▸ What is needed
Going down the listing below, print exactly each line from the one with "QT, Clear Satin" up to and including the one with "一般来说,穿皮衣会选择宽腿裤", and skip the rest.

▸ Input data

- - - - - - -

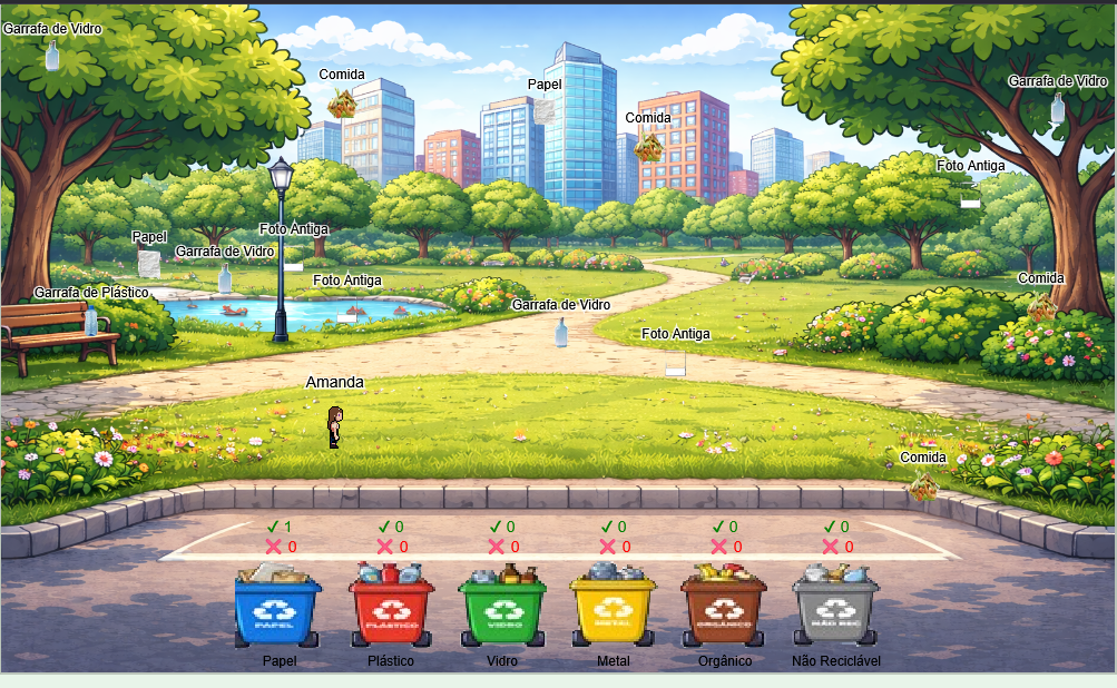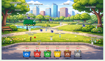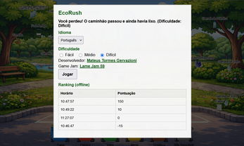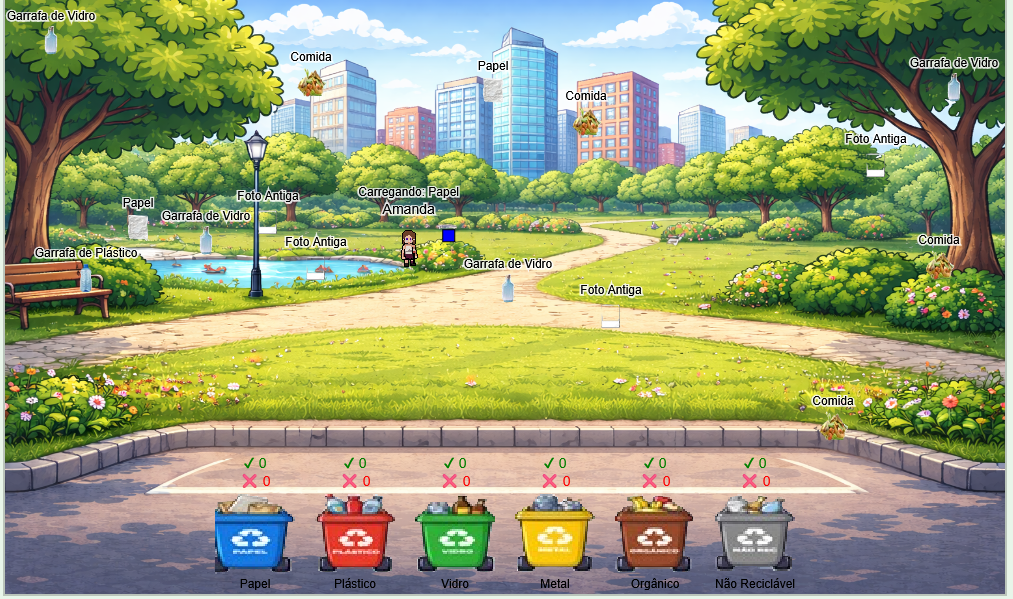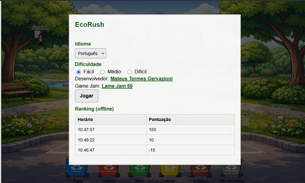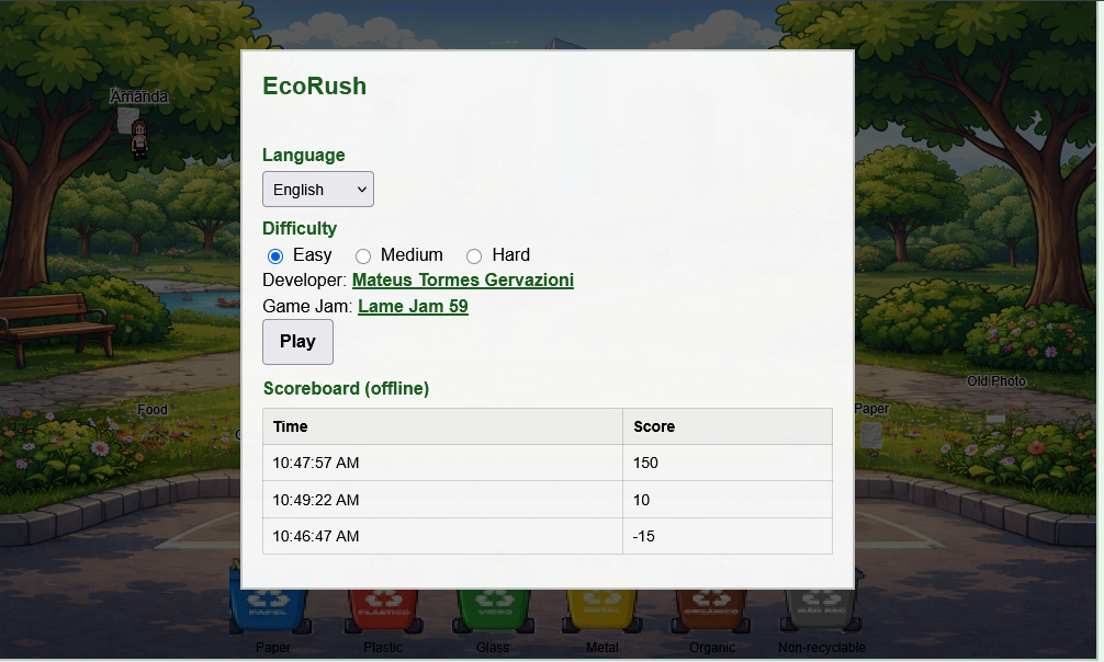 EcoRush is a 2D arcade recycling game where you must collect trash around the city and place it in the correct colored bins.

- - - - - - -

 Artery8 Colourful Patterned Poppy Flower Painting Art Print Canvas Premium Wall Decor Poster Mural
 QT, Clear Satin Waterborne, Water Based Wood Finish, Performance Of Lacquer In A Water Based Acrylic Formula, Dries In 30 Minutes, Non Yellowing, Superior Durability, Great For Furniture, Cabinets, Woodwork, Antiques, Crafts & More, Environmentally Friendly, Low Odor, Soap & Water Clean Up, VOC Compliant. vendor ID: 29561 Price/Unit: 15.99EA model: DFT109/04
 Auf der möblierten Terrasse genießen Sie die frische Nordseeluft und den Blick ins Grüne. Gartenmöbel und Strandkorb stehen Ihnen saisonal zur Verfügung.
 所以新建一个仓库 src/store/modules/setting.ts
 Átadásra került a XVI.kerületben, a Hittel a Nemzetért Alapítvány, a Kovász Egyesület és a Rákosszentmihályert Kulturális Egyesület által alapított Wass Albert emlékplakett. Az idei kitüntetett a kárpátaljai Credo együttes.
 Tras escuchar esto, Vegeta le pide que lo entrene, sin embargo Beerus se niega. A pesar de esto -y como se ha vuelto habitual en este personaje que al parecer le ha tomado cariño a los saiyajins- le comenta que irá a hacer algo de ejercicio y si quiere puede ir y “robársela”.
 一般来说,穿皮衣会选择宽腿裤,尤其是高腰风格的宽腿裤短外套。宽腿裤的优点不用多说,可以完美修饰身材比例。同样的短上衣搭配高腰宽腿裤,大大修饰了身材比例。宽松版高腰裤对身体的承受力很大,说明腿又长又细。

- - - - - - -

▸ Answer for the task
 QT, Clear Satin Waterborne, Water Based Wood Finish, Performance Of Lacquer In A Water Based Acrylic Formula, Dries In 30 Minutes, Non Yellowing, Superior Durability, Great For Furniture, Cabinets, Woodwork, Antiques, Crafts & More, Environmentally Friendly, Low Odor, Soap & Water Clean Up, VOC Compliant. vendor ID: 29561 Price/Unit: 15.99EA model: DFT109/04
 Auf der möblierten Terrasse genießen Sie die frische Nordseeluft und den Blick ins Grüne. Gartenmöbel und Strandkorb stehen Ihnen saisonal zur Verfügung.
 所以新建一个仓库 src/store/modules/setting.ts
 Átadásra került a XVI.kerületben, a Hittel a Nemzetért Alapítvány, a Kovász Egyesület és a Rákosszentmihályert Kulturális Egyesület által alapított Wass Albert emlékplakett. Az idei kitüntetett a kárpátaljai Credo együttes.
 Tras escuchar esto, Vegeta le pide que lo entrene, sin embargo Beerus se niega. A pesar de esto -y como se ha vuelto habitual en este personaje que al parecer le ha tomado cariño a los saiyajins- le comenta que irá a hacer algo de ejercicio y si quiere puede ir y “robársela”.
 一般来说,穿皮衣会选择宽腿裤,尤其是高腰风格的宽腿裤短外套。宽腿裤的优点不用多说,可以完美修饰身材比例。同样的短上衣搭配高腰宽腿裤,大大修饰了身材比例。宽松版高腰裤对身体的承受力很大,说明腿又长又细。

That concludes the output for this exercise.